Вообрази, этот ужасный человек, кажется, и был причиной ее смерти. Говорят, он
ее ужасно избил!
– Разве они так жили? – спросил он, обращаясь к
сестре.
– Нет, напротив даже. С ней он всегда был очень
терпелив, даже вежлив.
Во многих случаях даже слишком был снисходителен к ее
характеру, целые семь лет… Как-то вдруг потерял терпение.
– Стало быть, он вовсе не так ужасен, коли семь лет крепился?
Ты, Дунечка, кажется, его оправдываешь?
– Нет, нет, это ужасный человек! Ужаснее я ничего и
представить не могу, – чуть не с содроганием ответила Дуня, нахмурила
брови и задумалась.
– Случилось это у них утром, – продолжала,
торопясь, Пульхерия Александровна. – После того она тотчас же приказала
заложить лошадей, чтоб сейчас же после обеда и ехать в город, потому что она
всегда в таких случаях в город ездила; кушала за обедом говорят, с большим аппетитом…
– Избитая-то?
–… У ней, впрочем, и всегда была эта… привычка, и как только
пообедала, чтобы не запоздать ехать, тотчас же отправилась в купальню…

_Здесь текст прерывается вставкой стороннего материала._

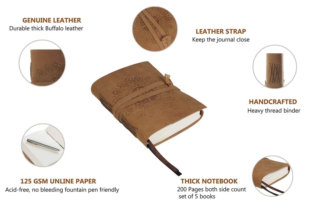 Leather Journal Mandala Engraved Leather Bound Writing Journal for Women & Men Unlined Journals for Women | Leather Bound Notebook Unruled Journal & Diary (Mandala & Tree) Welcome to MY STORE No Extra Charge Flat Rate Shipping 24/7 Support Always Able to Help eBay Payment We Accept eBay Payments Method Fast Delivery We Process & Deliver on Time Leather Journal Mandala Engraved Leather Bound Writing Journal for Women & Men Unlined Journals for Women | Leather Bound Notebook Unruled Journal & Diary (Mandala & Tree) Product Description All our journals are handcrafted and are complemented with a beautiful Mandala engraved design. The rustic finish can accompany you in all your travels or as a daily companion to capture your thoughts. Product Features ✔️ PERFECT HANDCRAFT JOURNAL - Handcrafted from genuine top grain leather: Each journal is specially designed and handmade from premium top grain leather. The artful design and hand stitching to create a timeless space for your thoughts ✔️ Dimension – (7” X 5.5” X 1”) With unlined plain Paper, Easily Handle Notebook, You Can with Minimum Space, Easily Handle in Long Journey. Once You Have Used It You Will Feel You Have the Journal in the World.Note: page count is 150 pages, 75 sheets ✔️ Use Any Kind Of Pen - Write/sketch/doodle on your journal notebook with a Fountain Pen CalligraphyPen, Ball Pen, Brush Pen, Acrylic Colours, Watercolor. IDEAL USE AND PERFECT GIFT – Perfect Use for Business Executive, Poetry Work, Journalists, Craftsman, Writer. A Lovely Treat for Your Loved Ones for An Anniversary, Birthday or Graduation Present, Or for Someone Starting A New Adventure and A Perfect Gift for Those Who Love Vintage One. ✔️ mandala & Bird EMBOSS DESIGN - Perfectly embossed with the mandala and Bird designs, this journal makes a thoughtful gift to anyone of different cultures. The Tree symbolizes firmness, nature, and while mandala tree represents freedom, beauty, and nurturing. ✔️ OUR GUARANTEE: If for any reason you don’t love the Wanderings vintage notebooks please let us know and we’ll send you a - no questions asked. It is as simple as that! Shipping We do not ship to a different address. We will ship to the address you provide on eBay only. Please check your address before purchase. Fast shipping is very important for us. It should take 3-5 business days for the product to reach your destination. If it takes any longer than that, please do not hesitate to contact us to resolve the issues. Returns All our products come with a 30-Day Return Policy. If you would like to return your item and you are within 30 days of the purchase If you are not 100% satisfied, please let us know the Detailed Problem,We will give you a 100% satisfactory solution. If you received an incorrect, damaged, defective, or item not as described, contact us for a partial/full refund or replacement on our cost. Free Shipping and Free Return 30-Days Money Back Guarantee. Payment We accept eBay payments such as PayPal, Google Pay, Visa, MasterCard, and American Express. Payment is processed through eBay's secure system. Please ensure that your shipping address is correct before making the payment, as we are unable to change it after the order is processed. For any payment-related issues, please contact eBay customer support. Feedback Your feedback is very important to us. After you receive your package and are satisfied with our service, please leave us positive feedback. If you have any problem with your order or any questions, please contact us before leaving any type of feedback. Contact Us If you have any questions related to our products, please don't hesitate to contact us through eBay message.
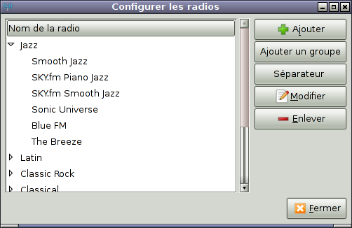 Pour des modifications plus importantes, on éditera le fichier ~/.local/share/radiotray/bookmarks.xml 2)
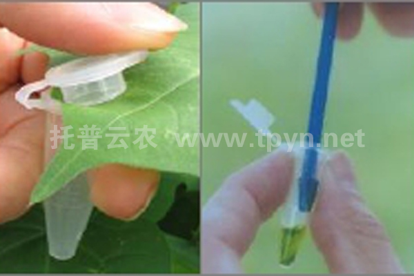 1、將植物葉片組織置于一次性組織提取管的蓋子與管身之間,迅速蓋住蓋子,重復 2 次,得到 2 片圓形葉片組織。用杵將葉片置于提取管的底部。用記號筆在管壁做好標記。
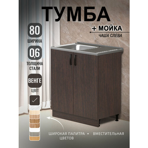 Кухонный модуль, Комплект, Тумба на кухню 80х82х43,6 с мойкой 80х50, чаша слева, 0,6 мм, венге: сравнение цен, характеристики, фото, актуальное наличие и цены.
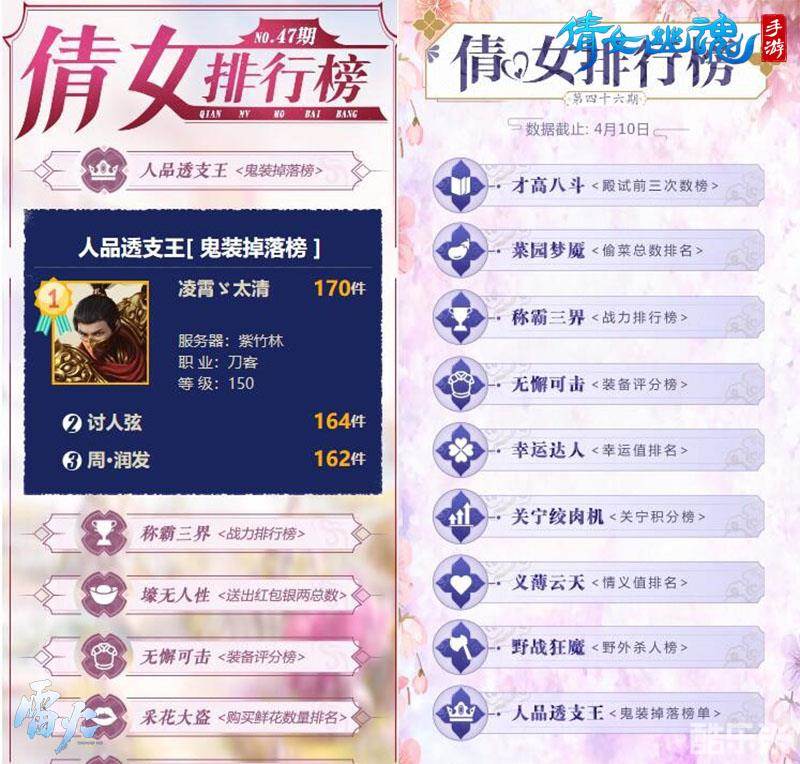 除了有大神分享家园打造的经验外,本期的膜拜榜单还有着更加精彩的看点。来自【紫竹林】服务器的【凌霄ゞ太清】以170件的鬼装掉落成为本期当之无愧的人品透支王。战力榜的第一名依旧由来自【神雕侠侣】服务器战力高达162484的【宛颜轩影】蝉联。同时来自【三生三世】服务器的【轩辕v紫嫣】更是5745次应战门派挑战,成为了本期的迎战狂人其他更多精彩排行,尽在本期膜拜榜!
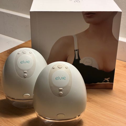 Elvie sähkökäyttöinen rintapumppu, kaksoispumppumalli. Pumput ovat kompaktin kokoisia ja suunniteltu käytettäväksi rintaliivien sisällä. Laitteissa on läpinäkyvät maidonkeräysastiat ja valkoiset pumppuosat. Sopii rintamaidon pumppaamiseen kotona tai liikkeellä. Pakkaus sisältää kaksi pumppua ja alkuperäisen laatikon kuvineen.
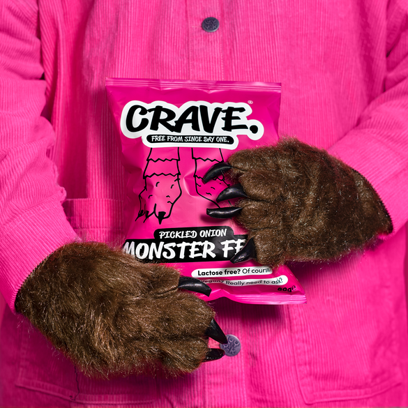 Crave's Pickled Onion Monster Feet are kicking out the allergens but keeping all the flavour. Packing a tangy pickled onion punch; devour them at your desk, serve up as a treat at kids' parties or savour with a cold beer. Pickled onion flavour maize snacks.
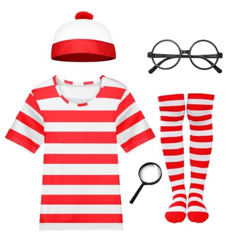 - Includes red and white short-sleeve T-shirt, bobble hat, round glasses, magnifying glass, and striped stockings – complete Wally ensemble for your Halloween quests.
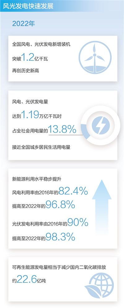 气象高质量发展,有力服务保障能源产业绿色低碳转型。大力发展新能源已成为我国纵深推进能源革命、保障国家能源安全的重大举措,也是实现“双碳”目标的重要方面。近年来,我国新能源气象服务能力不断提升,通过精密监测、精准预报、精细服务,大自然的风、光变得可预测、可利用,源源不断转化为绿色电力。2022年,我国风电、光伏发电新增装机突破1.2亿千瓦,连续3年超过1亿千瓦。气象高质量服务保障有效助力新能源发展,为推动实现“双碳”目标作出贡献。
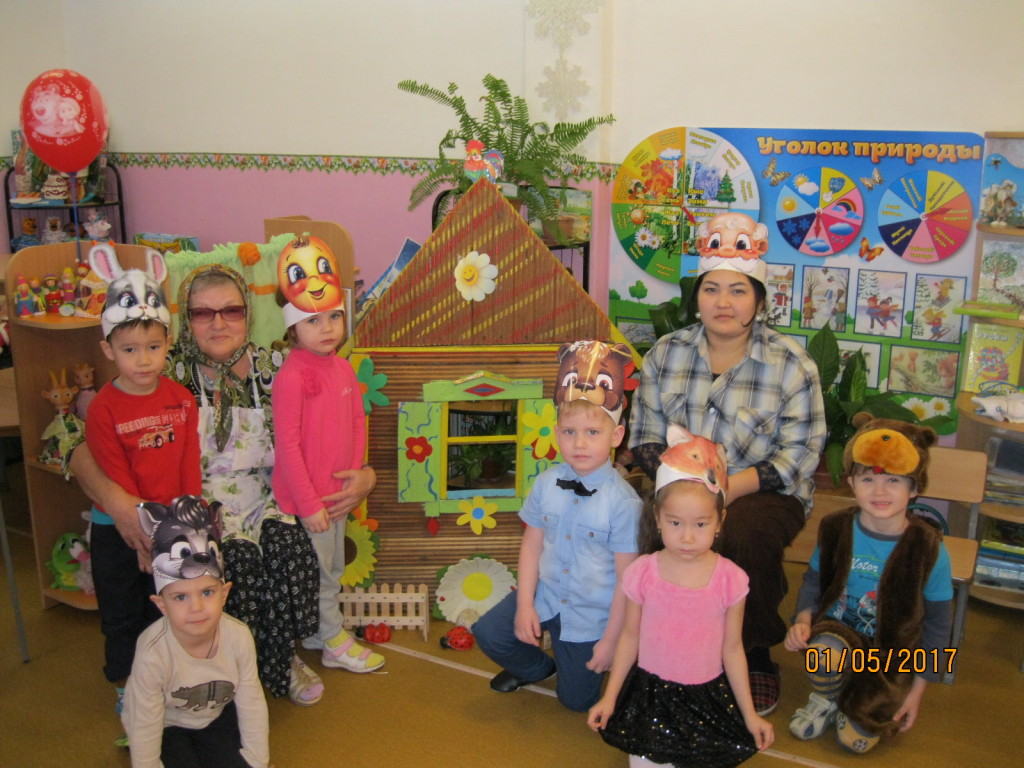Воспитатель средней группы Камалетдинова Г.Г. провела занятие "По следам сказки". Дети на воздушном шаре прилетели на сказочную полянку. Они отгадывали загадки, играли в игру "Мимика". Занятие закончилось постановкой сказки "Колобок". В заключении дети пригласили гостей на следующую постановку сказки.

Видишь, она как-то там лечилась купаньем; у них там ключ
холодный есть, и она купалась в нем регулярно каждый день, и как только вошла в
воду, вдруг с ней удар!
– Еще бы! – сказал Зосимов.
– И больно он ее избил?
– Ведь это все равно, – отозвалась Дуня.
– Гм! А впрочем, охота вам, маменька, о таком вздоре
рассказывать, – раздражительно и как бы нечаянно проговорил вдруг
Раскольников.
– Ах, друг мой, да я не знала, о чем уж и
заговорить, – вырвалось у Пульхерии Александровны.
– Да что вы, боитесь, что ль, меня все? – сказал
он с искривившеюся улыбкою.
– Это действительно правда, – сказала Дуня, прямо
и строго смотря на брата. – Маменька, входя на лестницу, даже крестилась
от страху.
Лицо его перекосилось как бы от судороги.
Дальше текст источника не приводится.